Unused thinnings from Australia’s plantation forests could become the structural core of the country’s most cost-effective bio-based housing system. That is according to University of Queensland Associate Professor Joe Gattas, who is leading a new four-year project funded through the University of the Sunshine Coast’s Australian Forest and Wood Innovations (AFWI) Centre for Sustainable Futures, developing prefabricated small-footprint dwellings from forestry by-products that have nowhere useful to go.
It follows work that, as Wood Central reported, produced a prototype disaster-recovery house built almost entirely from bio-based materials — including structural cardboard-core sandwich panels — for $12,000, before subsequent testing refined the system further for disaster-zone deployment. Cardboard proved its temporary structural capacity, but moisture exposure limited its long-term use.
“The previous one was actually trying, for us, to test the lower bound of wood fibre quality — and we built the house with cardboard as the central structural component,” Gattas said. “It turned out that with cardboard, we made a full structural composite that was already better than foam core systems. But there were some broader building performance requirements, in particular durability after exposure to moisture, that cardboard wasn’t suited to.”
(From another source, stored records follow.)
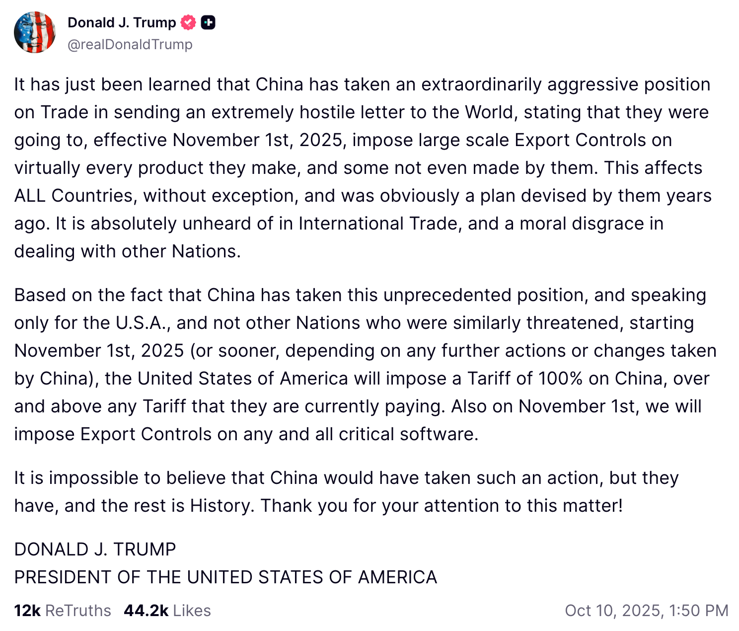 On Friday afternoon, U.S. President (and America’s most popular pedophile) Donald Trump announced his intention to raise tariffs on Chinese imports another 100% on top of existing tariffs. Reopening the global war on trade for no particular reason1 surprised the market, knocking roughly 2.7% off the S&P 500, 2% off the Dow Jones and 3.5% off the Nasdaq 100.
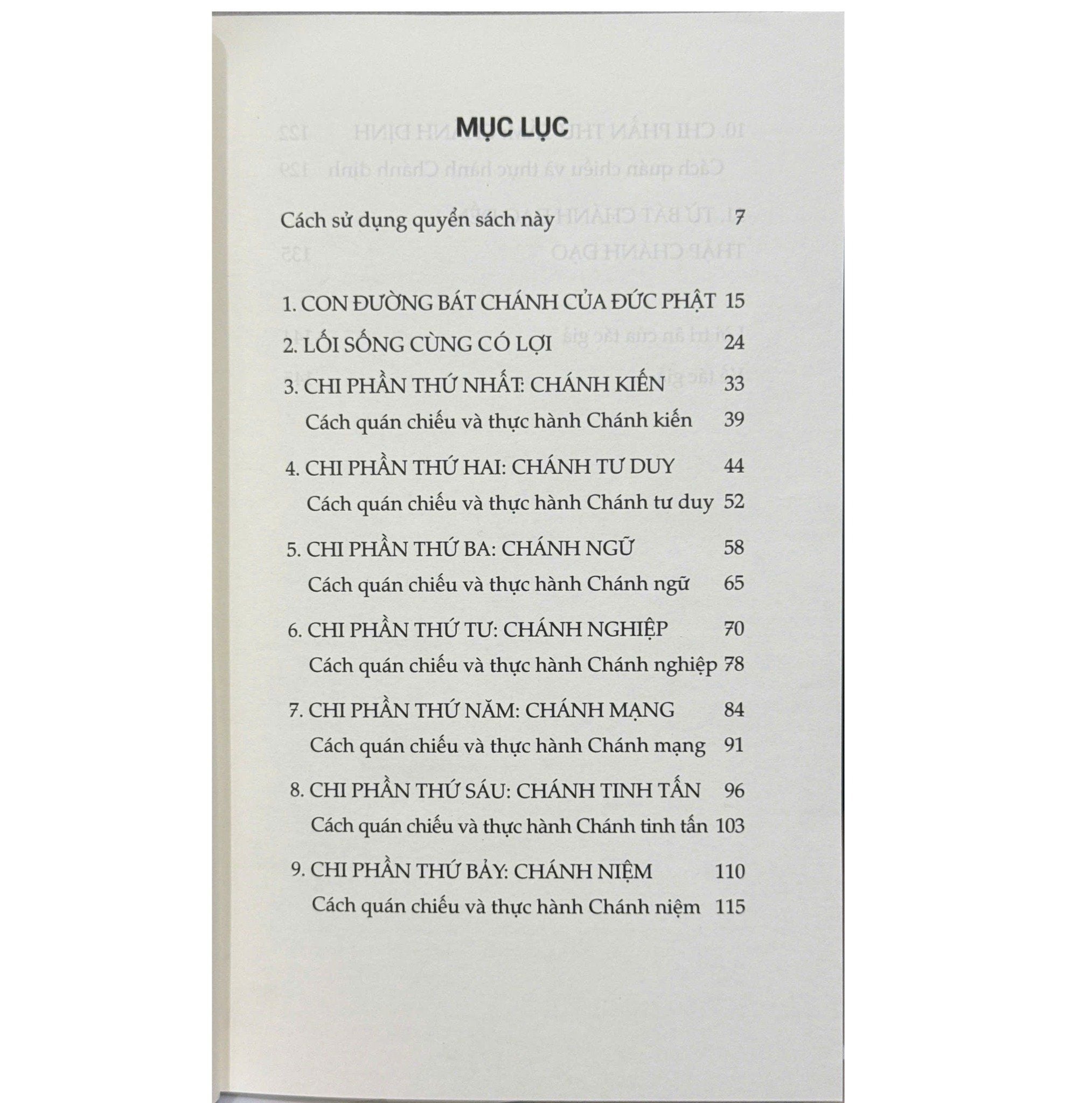 Con đường đi đến giải thoát: Bát chánh đạo của Đức Phật tập trung vào Bát Chánh Đạo, một trong những pháp môn hữu ích và dễ dàng nhất để đạt được sự giác ngộ. Qua từng chi phần, độc giả sẽ tìm thấy các quán chiếu và rèn luyện giúp củng cố sự hiểu biết và thực hành của mình. Đọc quyển sách này giống như việc nấu ăn từ công thức: chỉ đọc không đủ, bạn cần thực hành để cảm nhận hương vị của sự giải thoát. Tác giả cuốn sách – Gil Fronsdal hy vọng rằng những tri thức và bài tập trong sách sẽ truyền cảm hứng cho bạn đọc, khơi dậy ý thức quán chiếu và chiêm nghiệm về mối quan hệ của bạn đọc với giáo pháp Phật giáo. Qua việc tìm hiểu và thực hành với các giáo lý, bạn có thể nhận diện rõ hơn những thách thức cũng như cơ hội trong hành trình tu tập của mình.
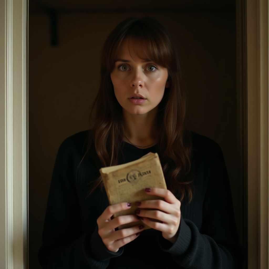 Дверь застыла на последней ноте хриплого скрипа, когда взгляд женщины встретился с потускневшими страницами старого дневника в ее руках. Сердце билось так громко, что казалось — его слышат все вокруг. Она глубоко вздохнула, нерешительно проводя пальцем по пожелтевшей бумаге. Все помещение наполнилось холодным свечением ночника, и зловещая тишина давила, словно свинцовое одеяло.
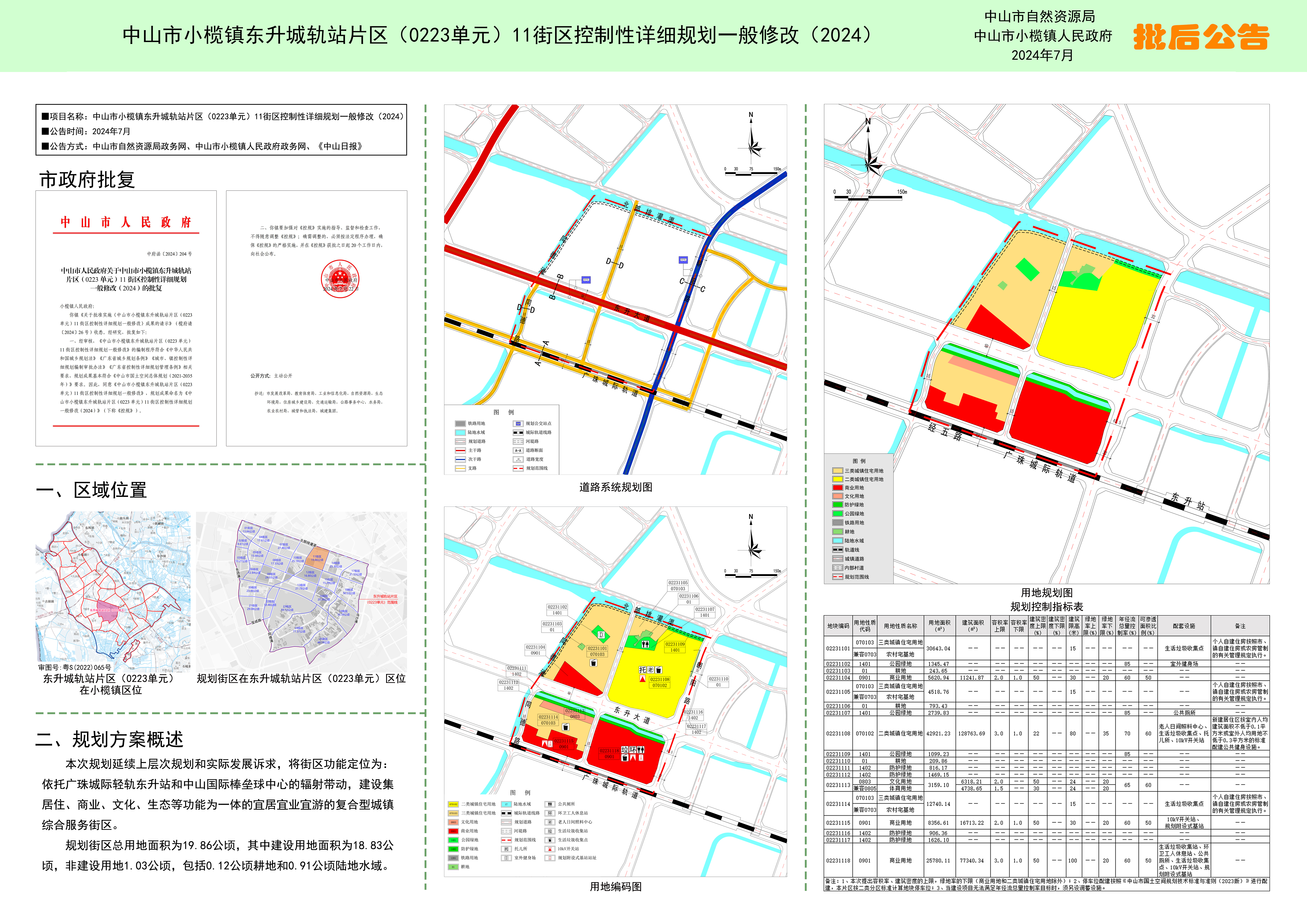 附件:《中山市小榄镇东升城轨站片区(0223单元)11街区控制性详细规划一般修改(2024)》批后公告
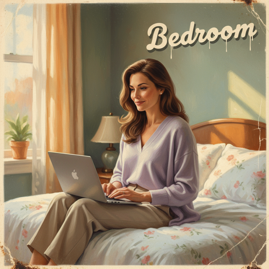 Retro-inspired vibrant oil painting and aerosol graph highly detailed digital image with soft vintage-effect. Scene: of a woman in her mid-30s with Slavic features and a cascade of chestnut brown hair, sitting comfortably on a bed in a cozy bedroom. She is dressed in a stylish loungewear set, including a pastel lavender oversized V-neck modal blouse, neutral beige palazzo pants, and a soft cashmere cardigan. She has a subtle, confident smile and is working on a laptop placed on her lap. The bedroom features white bedding with delicate floral patterns and natural morning light filtering through a nearby window, creating an atmosphere of comfort and elegance. The background is softly blurred to focus on the woman, maintaining a realistic and inviting setting. IMAGE STYLE: The artwork has a retro color palette with warm orange, earthy green and sky blue, featuring rusted edges for an aged look. The text reads: 'Bedroom’ The overall style mimics classic mid-century advertising with a humorous twist
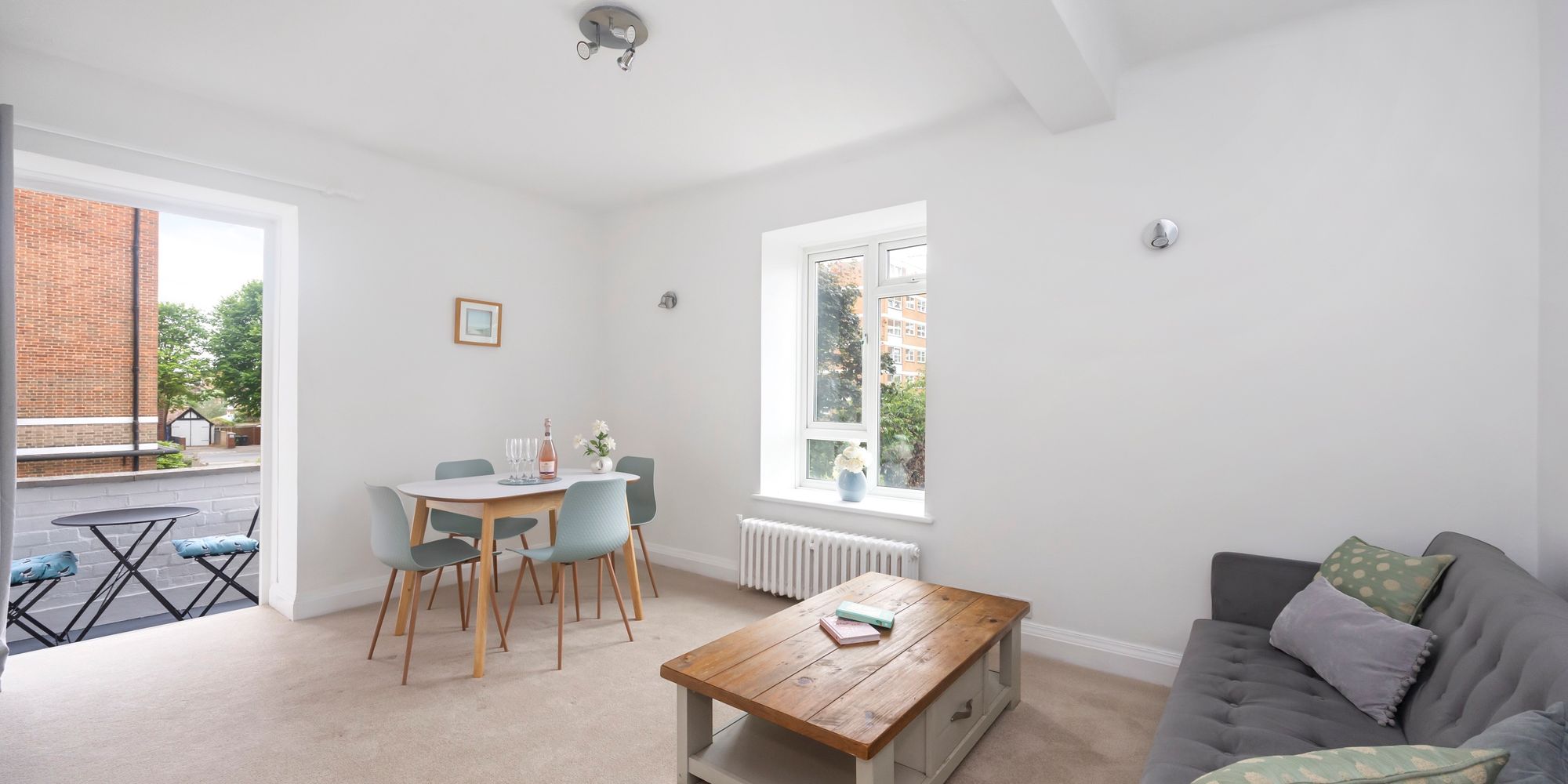- DOUBLE ASPECT LOUNGE/DINER WITH FRENCH DOORS OPENING ONTO SMALL BALCONY
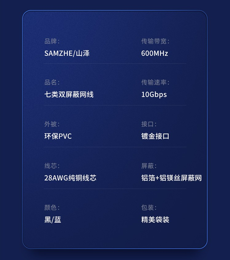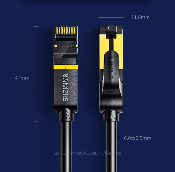 网络连接设备山泽(SAMZHE)工程级万兆七类CAT7纯铜镀金双屏蔽超高速网络跳线黑色20米CAT-720H/根
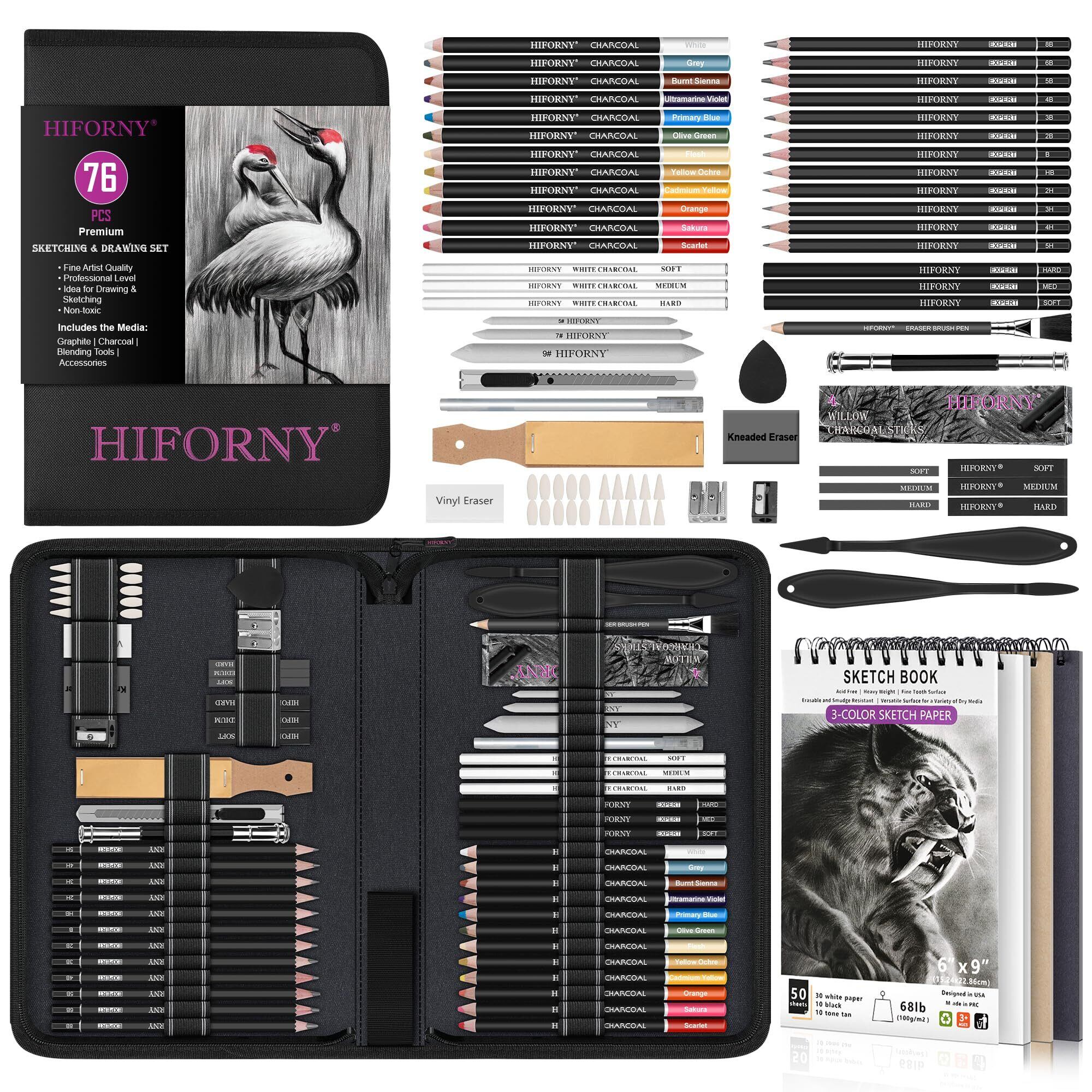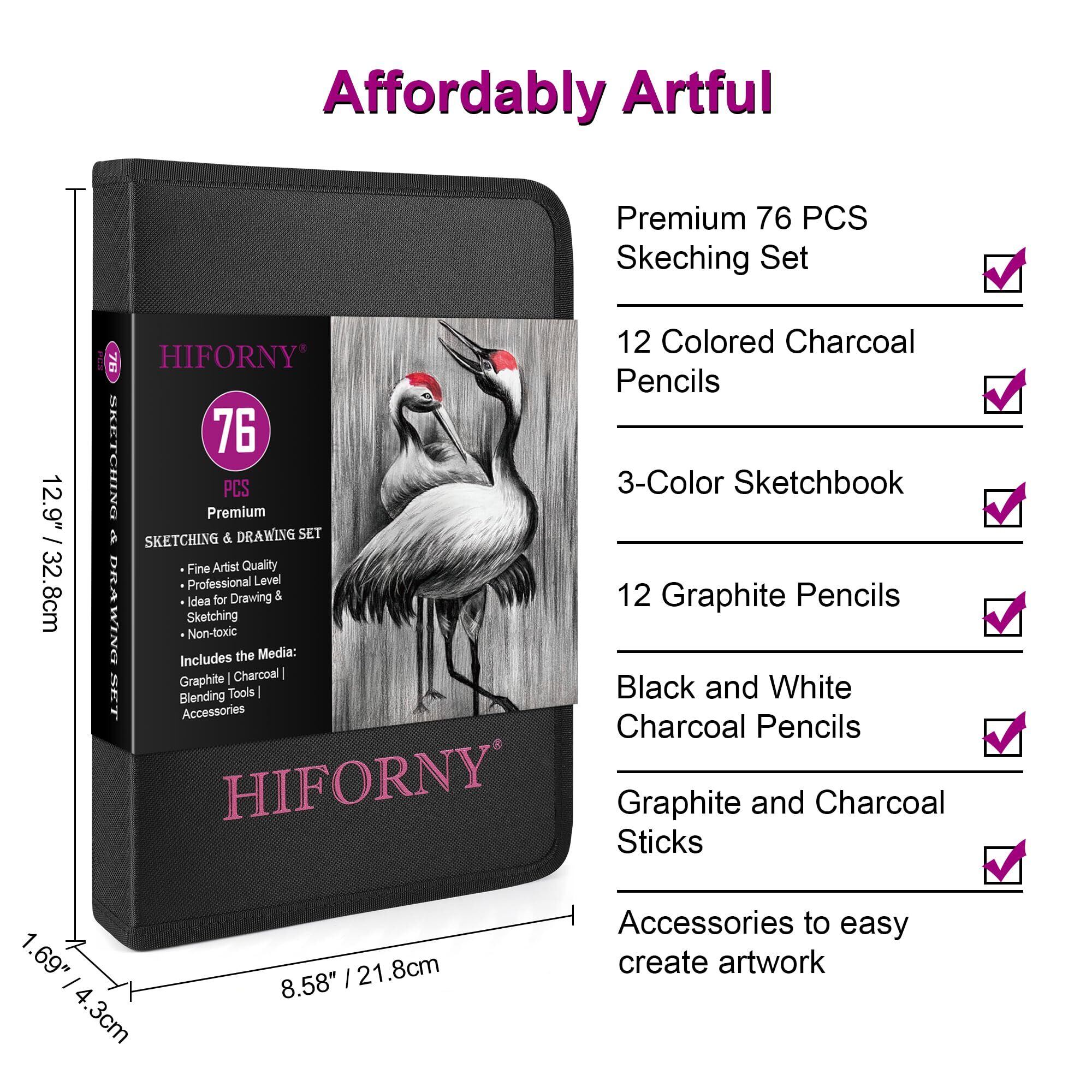 HIFORNY 76個 プロフェッショナル グラファイト チャコール ドローイング用品鉛筆セット、あなたの芸術的才能を探求するために必要なものがすべて揃った万能で包括的なスケッチセット。 プロのアーティスト、初心者、アーティストへのギフトをお探しの方でも、このキットでカバーできます。
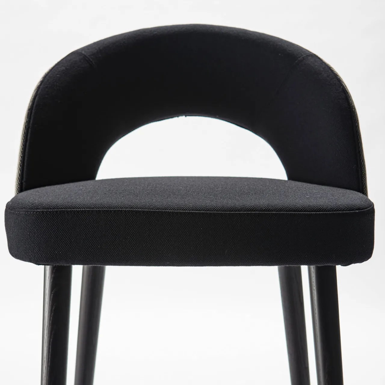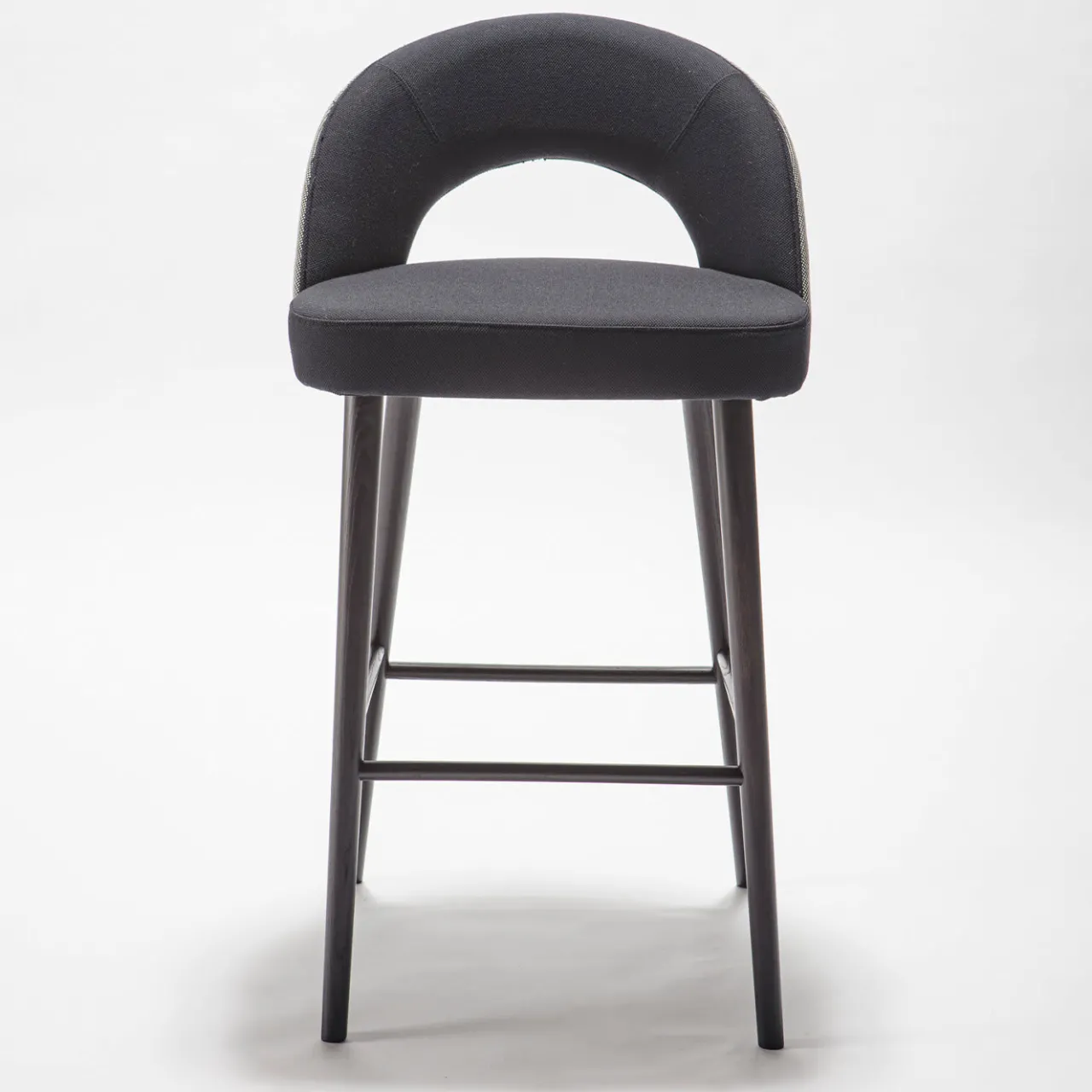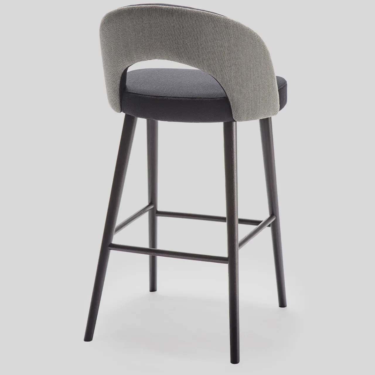 Perfetto da abbinare a una sala da pranzo/zona bar moderna, questo sgabello chic infonderà eleganza in qualsiasi casa. La struttura in legno massiccio di frassino sostiene uno schienale avvolgente con un dettaglio di taglio e confluisce in quattro gambe affusolate rifinite in nero. Lo schienale è rivestito in tessuto grigio chiaro all’esterno e antracite all’interno, in tinta con il rivestimento della seduta. Disponibile in alcuni colori e tessuti del catalogo, la struttura è disponibile anche in faggio; per maggiori dettagli, rivolgersi al Concierge.

The answer could be cheaper than cardboard, too.
“We looked around and found there are many lower-value, out-of-grade structural wood products that are actually cheaper than cardboard — in particular, out-of-grade pine,” Gattas said. “That’s the new constituent component within the sandwich panel. So that makes an entirely wood-fibre system that uses a resource available through Australia’s softwood sawmills. So, we think this will allow the new system to have greater adaptability to different regions up and down the East Coast.”
The project will develop two construction systems in parallel: the bio-based sandwich panel and a roundwood framing system using small-diameter logs with minimal processing. Both target a segment the research team sees as chronically underserved — secondary dwellings, tiny homes, granny flats, sheds, carports, and hybrid “liveable sheds” combining utility space with habitable floor area.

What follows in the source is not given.